**DATA SUPPLIED:**
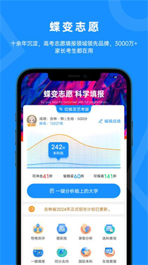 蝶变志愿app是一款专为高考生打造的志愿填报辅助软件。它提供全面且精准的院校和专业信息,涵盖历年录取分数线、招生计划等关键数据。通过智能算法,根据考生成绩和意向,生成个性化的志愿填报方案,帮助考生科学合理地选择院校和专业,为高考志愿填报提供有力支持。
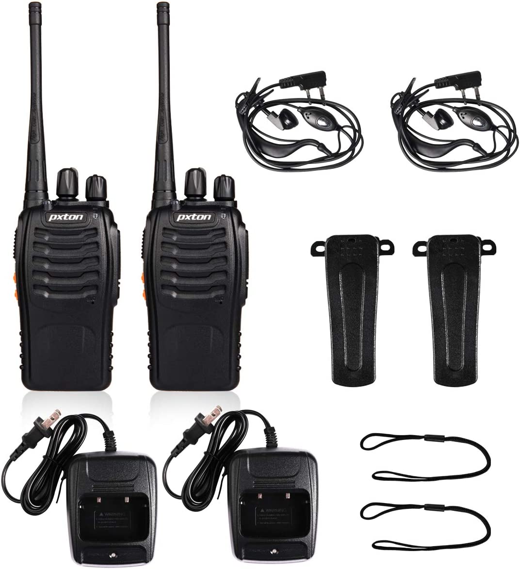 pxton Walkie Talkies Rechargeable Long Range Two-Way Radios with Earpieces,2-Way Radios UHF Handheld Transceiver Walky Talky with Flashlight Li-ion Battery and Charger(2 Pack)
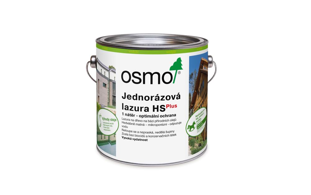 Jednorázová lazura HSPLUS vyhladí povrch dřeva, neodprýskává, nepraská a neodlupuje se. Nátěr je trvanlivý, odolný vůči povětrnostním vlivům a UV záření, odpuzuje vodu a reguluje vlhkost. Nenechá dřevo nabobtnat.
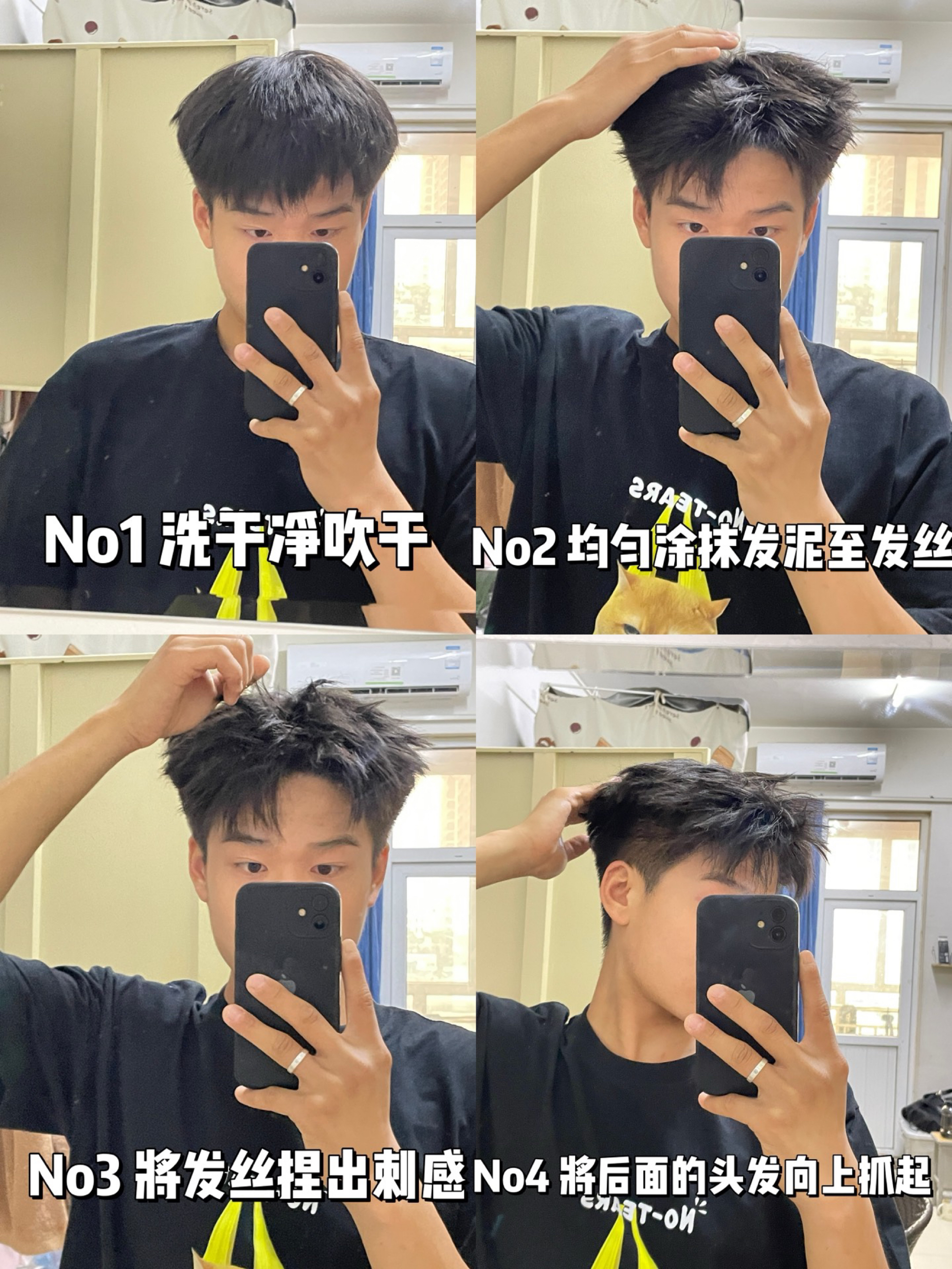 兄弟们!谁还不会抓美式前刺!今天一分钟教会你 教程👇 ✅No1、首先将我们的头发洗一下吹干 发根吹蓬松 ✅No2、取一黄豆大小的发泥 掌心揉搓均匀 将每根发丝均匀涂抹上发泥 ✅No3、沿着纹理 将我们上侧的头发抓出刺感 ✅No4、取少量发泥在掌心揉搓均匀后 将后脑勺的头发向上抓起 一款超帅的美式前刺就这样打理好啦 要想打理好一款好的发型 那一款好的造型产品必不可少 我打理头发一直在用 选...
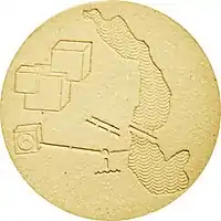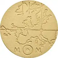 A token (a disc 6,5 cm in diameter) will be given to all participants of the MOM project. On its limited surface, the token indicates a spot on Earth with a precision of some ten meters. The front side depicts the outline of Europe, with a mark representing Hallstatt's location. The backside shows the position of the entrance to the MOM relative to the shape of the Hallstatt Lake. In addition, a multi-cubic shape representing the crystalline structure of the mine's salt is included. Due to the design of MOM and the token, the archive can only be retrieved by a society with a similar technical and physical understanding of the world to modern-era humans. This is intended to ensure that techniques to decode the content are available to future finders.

**REQUIRED ACTION:** Write out exactly the lines between the start of the data and the line with "pxton Walkie Talkies", including both, but none of the pictures.

**TASK OUTPUT:**
 蝶变志愿app是一款专为高考生打造的志愿填报辅助软件。它提供全面且精准的院校和专业信息,涵盖历年录取分数线、招生计划等关键数据。通过智能算法,根据考生成绩和意向,生成个性化的志愿填报方案,帮助考生科学合理地选择院校和专业,为高考志愿填报提供有力支持。
 pxton Walkie Talkies Rechargeable Long Range Two-Way Radios with Earpieces,2-Way Radios UHF Handheld Transceiver Walky Talky with Flashlight Li-ion Battery and Charger(2 Pack)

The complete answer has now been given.